Dicen que los hijos son una prolongación de uno mismo, una minipersona a la que criamos para que nos perpetúe en la finitud de la existencia. Llegados a este punto, con Jiribilla durmiendo a mi lado y tras un exhausto año de amor a raudales, lo veo de otro modo.

Jiribilla, no naciste para ser una prolongación mía; al contrario, yo soy una prolongación tuya. Nací para ser tu raíz. Para nutrirte de todo lo necesario con el fin de que algún día florezcas, y lo harás de la forma y color que tú quieras. Me pongo a tu entera disposición. Al menos al principio, mientras me requieras. Y aquí estamos todavía, en este maravilloso principio. Un principio que, después de un año, sigue siendo un maremágnum de emociones entre las que destaca la absoluta adoración que te tengo: de querer apretujarte bien fuerte paso a pedirte que bajes, por favor, que me sueltes, que te estés tranquila dos minutos, uno solo, para dar una tregua efímera a mis brazos, para poder ir al baño con todo mi cuerpo disponible, y a los diez segundos de dejarte descubro que no quiero que mis brazos descansen, porque ya habrá tiempo para eso. ¿A quién pretendo engañar? Si tuve que aprender a soltarte para que caminaras sola, tú estabas lista hacía tiempo. Y todavía duele un poco ver cómo te alejas de vez en cuando, cómo me dices adiós con la manita cuando finjo marcharme para que vengas. Y no vienes conmigo.

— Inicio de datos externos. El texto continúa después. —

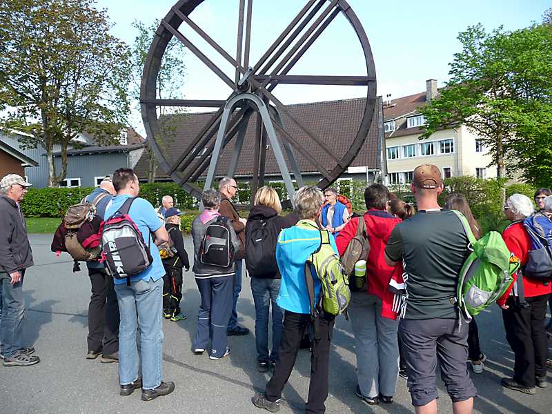 Anschließend führte die 17 Kilometer lange Wanderung rund um Clausthal und Buntenbock die Gruppe zu 8 Bergwerken, 14 Teichen und 20 Wasserläufen und Gräben. Und damit haben alle einen kleinen Einblick in das UNESCO-Weltkulturerbe Oberharzer Wasserregal erfahren. Zu guter Letzt ging es nochmals über 210 Treppenstufen in die Tiefe der Rosenhöfer Radstube. Dort bedankte sich Günter im Namen des SC Hornburg ganz herzlich bei unserem ausgezeichneten Oberharzer Wanderführer Lothar. Er hatte eine sehr schöne Strecke für uns ausgearbeitet.

Cuando tú llegaste yo me dejé atrás, me despojé de mí misma para dar paso a este nuevo ser que no se pertenece, que se mira al espejo y no se reconoce. Mejor dicho, que no tiene tiempo de mirarse en el espejo. Pero ese abandono no dolió. Al contrario, parece que era necesario para que yo naciese. Antes fui solo una sombra de mí misma. ¿Exagero? Puede ser. Sé que viví experiencias, y que esas experiencias fueron precisas para traerte hasta aquí. No sé más. Será verdad que la maternidad nos atonta, o puede que todo lo contrario.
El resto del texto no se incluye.